Version: 1.0 Status: Draft Priority: P0 Author: Gar Kavanagh + Claude Created: 2026-03-12 Updated: 2026-03-12 Dependencies: PRD-64 (Unified Action Discovery — COMPLETE), PRD-68 (Progressive Complexity Routing — COMPLETE), PRD-71 (Unified Skills — COMPLETE), PRD-76 (Agent Reporting — COMPLETE)


Executive Summary

Every time we fix a prompt, tool loading, or memory injection bug, we have to patch it in 3–5 different places. The chatbot builds prompts one way (smart_orchestrator.pypersonality.py). Agent task execution builds them another way (agent_factory.py_build_agent_system_prompt). Heartbeats copy-paste from the factory. Recipes have their own path. The orchestrator stages have yet another. This fragmentation has caused:

  • Chatbot missing platform actions — fixed in commit 4a8d7e3 but only because someone noticed Auto couldn't see platform_execute

  • Composio tools loaded differently per code path — factory built typed schemas, chatbot used generic composio_execute

  • Memory injected in different formats — chatbot via get_happy_system_prompt(memories=...), factory via string concatenation, heartbeat skipped entirely

  • Tool count explosion — factory sent 107 tools, chatbot sent 76, heartbeat sent all platform tools individually before the dispatcher fix

  • Daily logs, action summaries, personality all wired independently into each path with different bugs each time

This PRD introduces a single ContextService that every LLM-calling code path uses. One place to build prompts, load tools, inject memory, manage token budgets. Fix it once, fixed everywhere.

What We're Building

  1. modules/context/ package — new module containing the unified context service

  2. ContextService class — single entry point: build_context(agent, mode, messages) → ContextResult

  3. Composable prompt sections — identity, skills, platform actions, memory, tools, task context assembled declaratively

  4. Token budget manager — sections have priority weights; low-priority content gets trimmed first when approaching limits

  5. ContextResult dataclass — contains system_prompt, tools, tool_choice, messages, metadata ready for any LLM call

  6. Migration of all 9 code paths to use ContextService instead of building prompts/tools themselves

  7. Dead code cleanup — remove _build_agent_system_prompt, get_happy_system_prompt complexity, duplicated tool loading

What We're NOT Building

  • A prompt versioning UI (future PRD — admin prompt editing stays in system_prompts table)
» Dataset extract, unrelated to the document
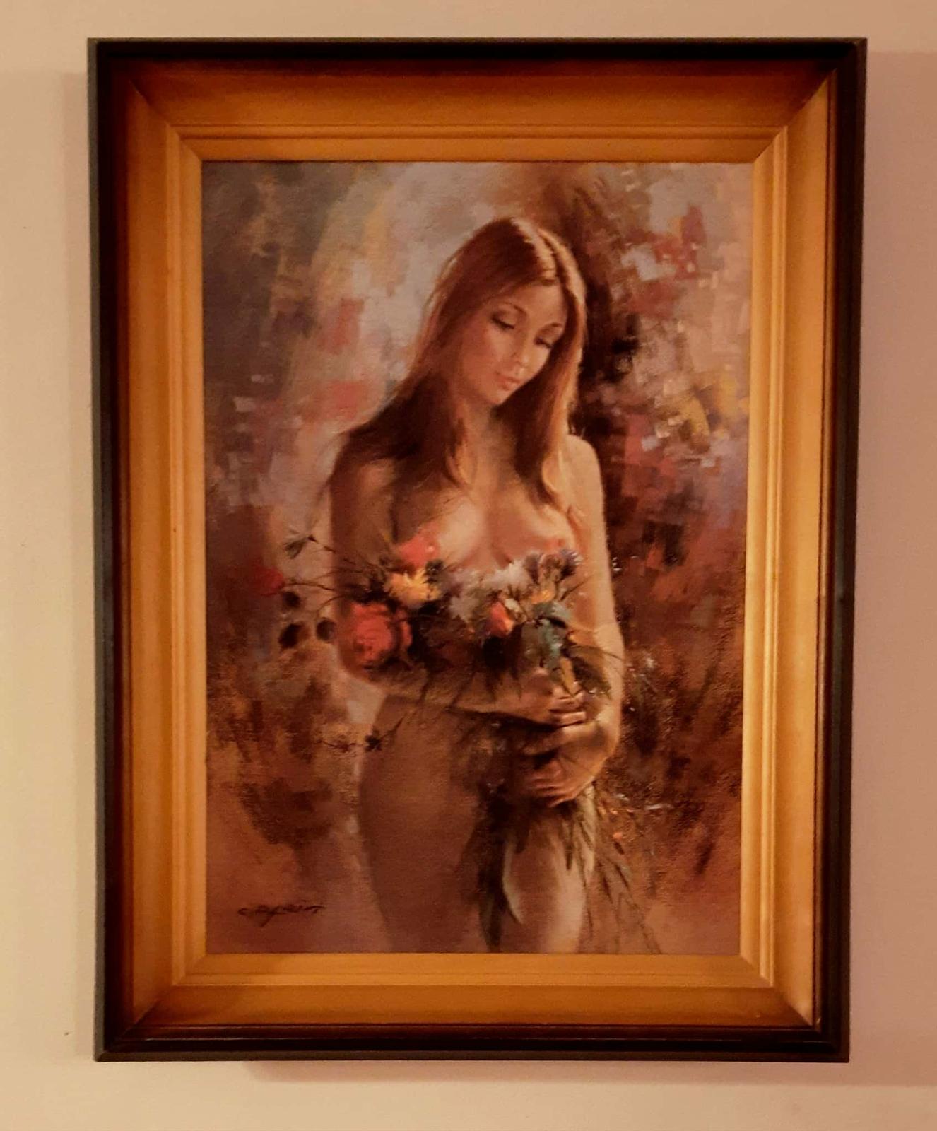 Predám obraz-olejomaľba-akt ženy s kvetmi v drevenom ráme

  • A/B testing framework for prompts (future)

  • LLM-specific prompt formatting (we target OpenAI chat format; provider adapters stay in llm_manager.py)

  • New memory system (Mem0 stays; we just standardize how memories are injected into context)


1. The Problem: 9 Fragmented Code Paths

Every path that calls an LLM independently builds its own prompt, loads its own tools, and injects its own context. Here's the current state:

#
Code Path
File
Builds Prompt
Loads Tools
Injects Memory
Injects Platform Actions

1

Chatbot (Auto)

consumers/chatbot/smart_orchestrator.py

get_happy_system_prompt()

smart_tool_router.route()

smart_memory.retrieve_memories()

build_prompt_summary() (added 2026-03-12)

2

Agent Task Execution

modules/agents/factory/agent_factory.py

_build_agent_system_prompt()

get_tools_for_agent()

String concatenation in prompt

build_prompt_summary()

3

Heartbeat Service

services/heartbeat_service.py

Inline f-string

to_dispatcher_schema() only

None

Inline summary

4

Recipe Executor

api/recipe_executor.py

Recipe-specific prompt + agent prompt

Inherits from factory

None

None

5

Execution Manager

modules/agents/execution/execution_manager.py

Delegates to factory

Delegates to factory

None

Via factory

6

Universal Router

core/routing/engine.py

Per-tier prompts

Per-tier tool selection

None

None

7

Orchestrator Stages

modules/orchestrator/stages/*.py

Per-stage prompts

None (LLM-only)

None

None

8

Board Task Chat

Via chatbot path

Via chatbot

Via chatbot

Via chatbot

Via chatbot

9

NL2SQL

modules/nl2sql/service.py

Schema-specific prompt

None (text-only)

None

None

What Goes Wrong

  1. Feature added to one path, missing from others — platform action summary was added to factory + chatbot but not heartbeat or recipes until manually patched

  2. Memory format divergence — chatbot formats memories as bullet list via personality.py, factory dumps raw strings, heartbeat gets nothing

  3. Tool count inconsistency — factory sends get_tools_for_agent() (core + platform dispatcher + composio), chatbot sends smart_tool_router.route() (filtered subset), heartbeat sends only platform dispatcher

  4. Personality applied inconsistently — chatbot uses AutomatosPersonality with workspace settings, factory uses basic system prompt, heartbeat uses hardcoded text

  5. No token awareness — prompts grow unbounded; adding platform action summary + daily logs + memory + skill instructions can exceed model context with zero warnings


2. Architecture: The Unified Context Service

2.1 Design Principles (from Context Engineering)

Inspired by David Kamm & IBM's Context Engineeringarrow-up-right framework:

  1. Composable Sections — Context is built from independent sections (atoms → molecules → cells), each responsible for one concern. Sections can be included, excluded, or reordered without touching other sections.

  2. Token Budgets as First-Class Constraints — Every section declares its priority and max token allocation. The assembly pipeline respects a total budget and trims low-priority sections first.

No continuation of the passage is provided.